2.6 Other technologies
There are a great many other wastewater treatment technologies or processes which have received considerable attention by the research community. These include microbial fuel cells, biological hydrogen production and osmotic membrane bioreactors.
In the first two cases, and others where renewable energy is being targeted, the economic viability of the process increases with increasing organic carbon load. Thus, as with anaerobic treatment of wastewater, the technologies are more suited to industrial effluents from, say, the food and beverage industries than for municipal wastewater.
OMBRs (Fig. 6) employ novel forward osmosis membranes that have already been commercialised. However, it is debatable that this hybrid of forward osmosis (FO) and MBR technology offers a clear advantage over the conventional two-stage MBR–reverse osmosis (RO) process that has been implemented for water reuse. There also appears to have been very limited implementation of FO technology per se, mainly due to the challenge of recovering the draw solution.
A large number of other novel membrane materials have been developed, perhaps most notably graphene/graphene oxide membranes and carbon nanotubes. These materials offer extremely high water permeabilities. However, despite the wealth of research conducted and the existence of a few start-ups, there appear to be no examples of implementation of these membranes which are challenged by difficulties with:
- achieving uniformity in the quality of supply of the bulk raw material (such as graphene oxide),
- continuous fabrication of large membrane areas (>1 m2), and
- establishing the long-term stability of the formed membranes, especially with respect to chemical cleaning.

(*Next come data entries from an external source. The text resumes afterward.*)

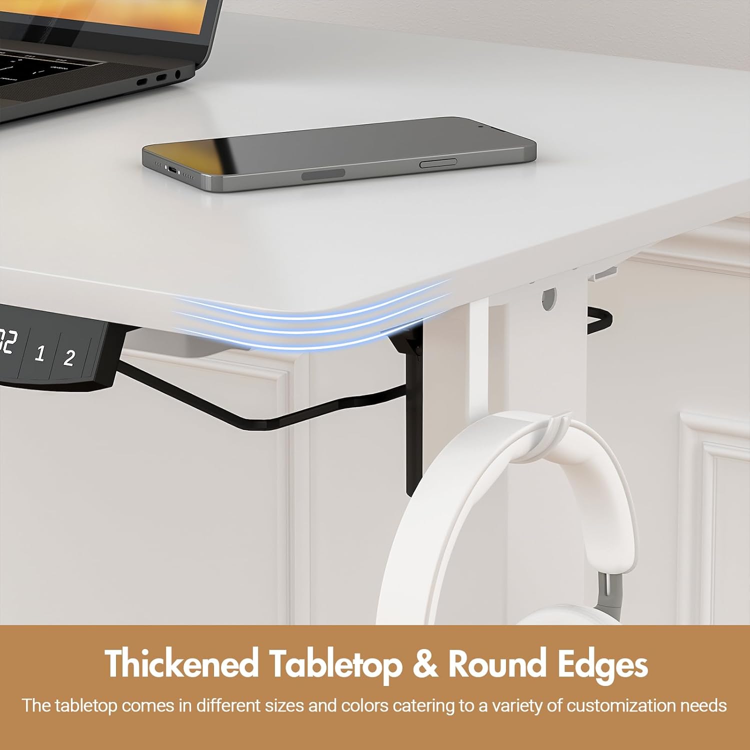 Electric Standing Desk, Height Adjustable Ergonomic Sit Stand Desks with Hanging Hooks and Cable Management, 100 x 55 cm Whole Piece Desktop, for Small Space, White Frame + White Desktop is backordered and will ship as soon as it is back in stock.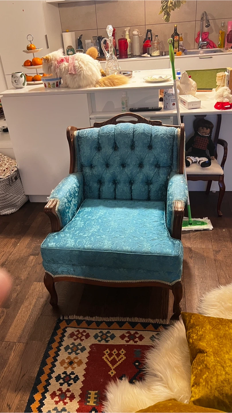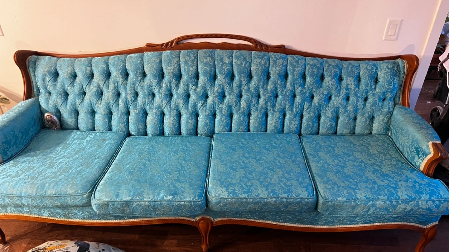 This is a beautiful vintage sofa with tufted detailing. It's upholstered in a striking blue damask fabric with a carved wooden frame. The sofa has four seat cushions.
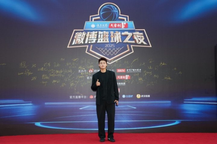 赵睿现身微博篮球之夜红毯! 一身黑西服帅气登场!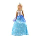 Păpușa are o rochie albastră minunată cu detalii de fulgi de zăpadă, care îi conferă un aspect de basm.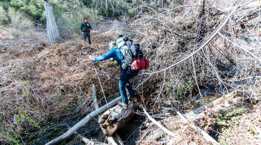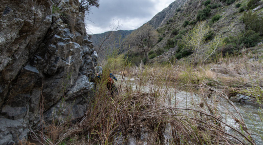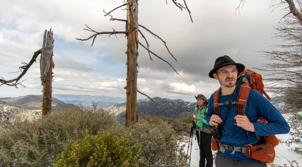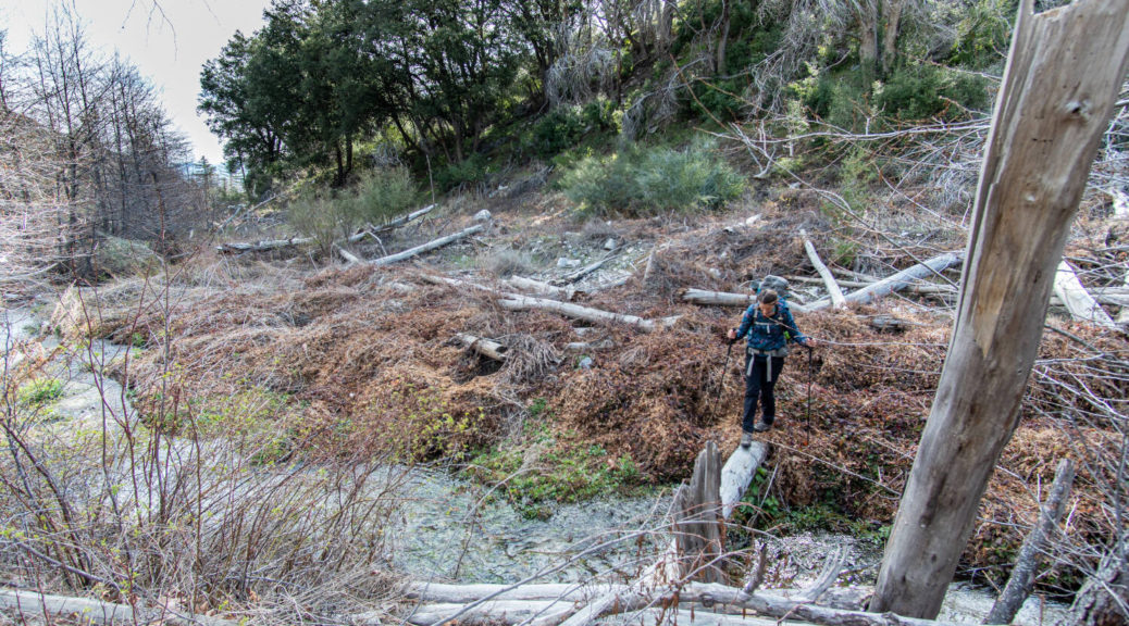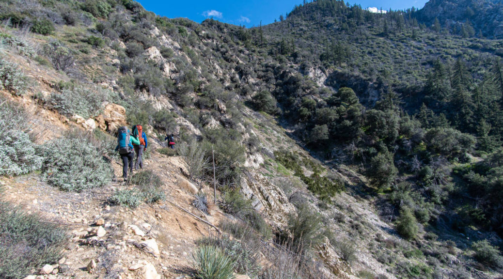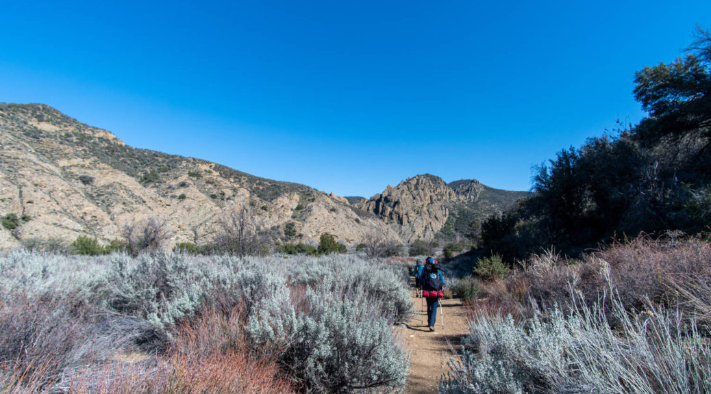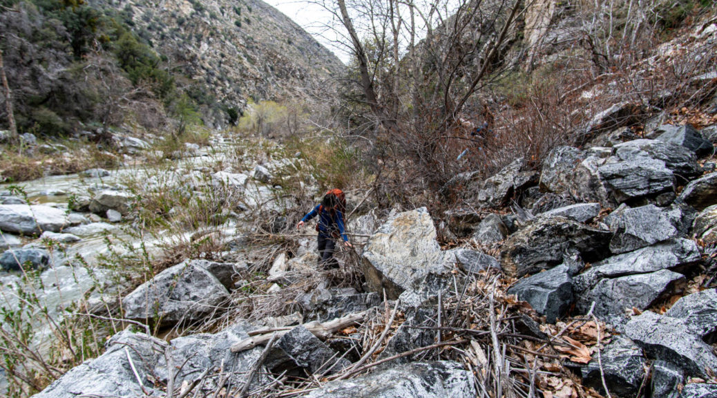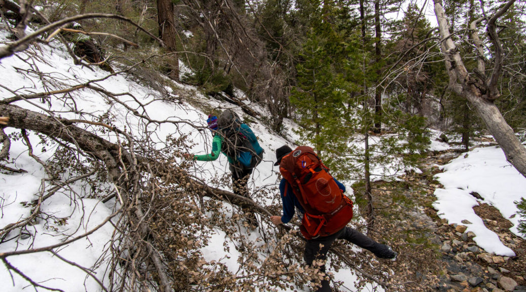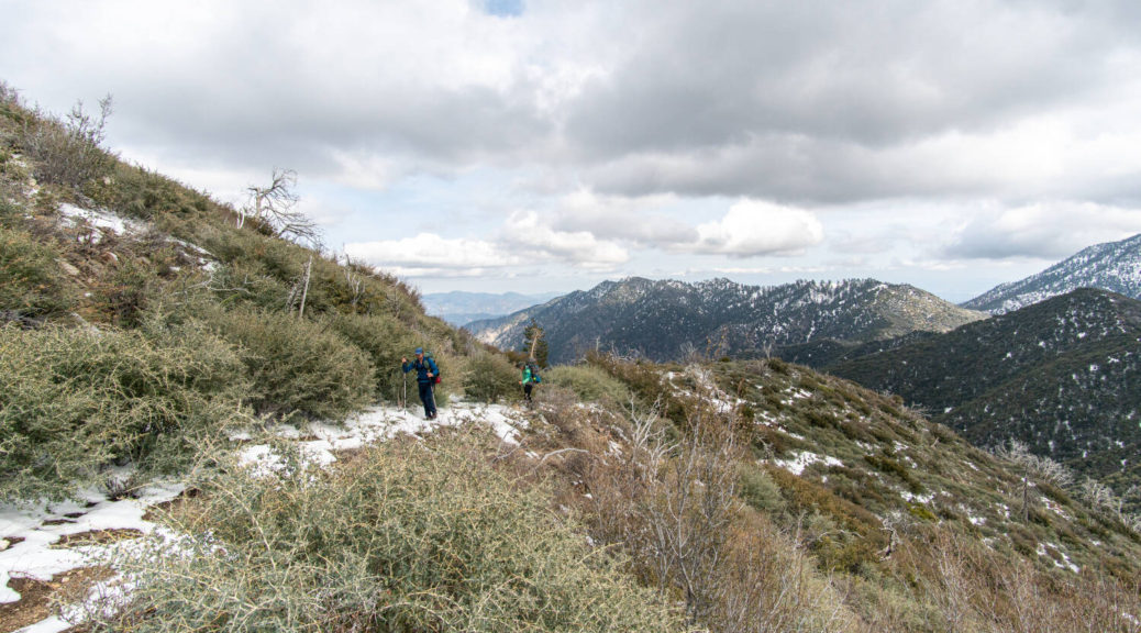 On top of that, this trip had some beautiful variety. We walked on a shut down road, bushwhacked along Buck Creek, climbed up and down on barely visible trails and through snow below Sewart Mountain, descended “canyon-like” Big Cedar Creek, hiked on a beautiful open ridge and finally connected the loop along the riparian environment of Piru Creek.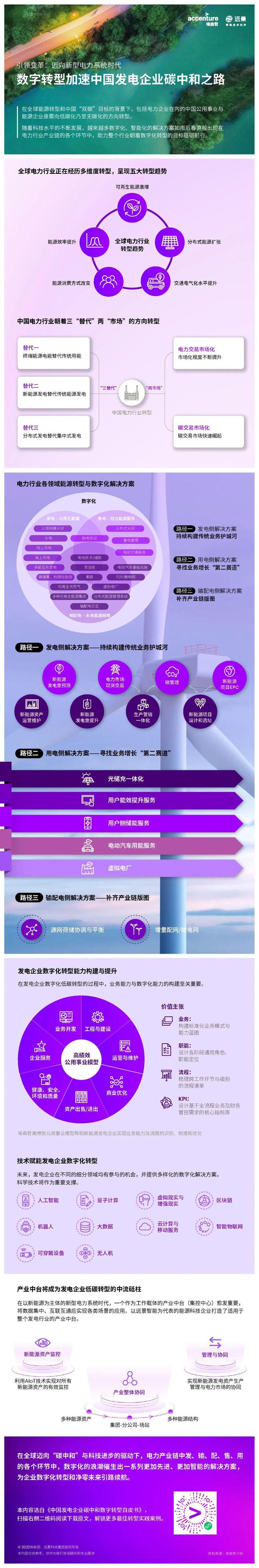 為了應(yīng)對未來更加“碎片化”的能源系統(tǒng),滿足消費(fèi)者日益迭代的需求,埃森哲攜手遠(yuǎn)景發(fā)布的《中國發(fā)電企業(yè)碳中和數(shù)字轉(zhuǎn)型白皮書》勾勒了發(fā)電企業(yè)圍繞發(fā)電、輸配電和用電全產(chǎn)業(yè)鏈構(gòu)建轉(zhuǎn)型路徑,并探討各類數(shù)智化解決方案的應(yīng)用場景。

It is undeniably the case that there have been some very elegant technological solutions developed to tackle the world’s burgeoning crisis of unsustainability. These can be combined to produce a treatment scheme where a number of different resources are recovered (Fig. 7).
However, many of the technologies have, at their root, their own sustainability challenge. These challenges are manifested as an economic and/or environmental penalty – where implementation of the technology exerts its own negative environmental impact. Having said this, there is no option but to continue to explore these alternative solutions. Many existing wastewater and waste management practices are unsustainable in the long term.
What seems to be needed is the identification of the pinch point of these novel approaches at an early juncture in their development. This would save time – the one thing for which there are unarguably diminishing reserves.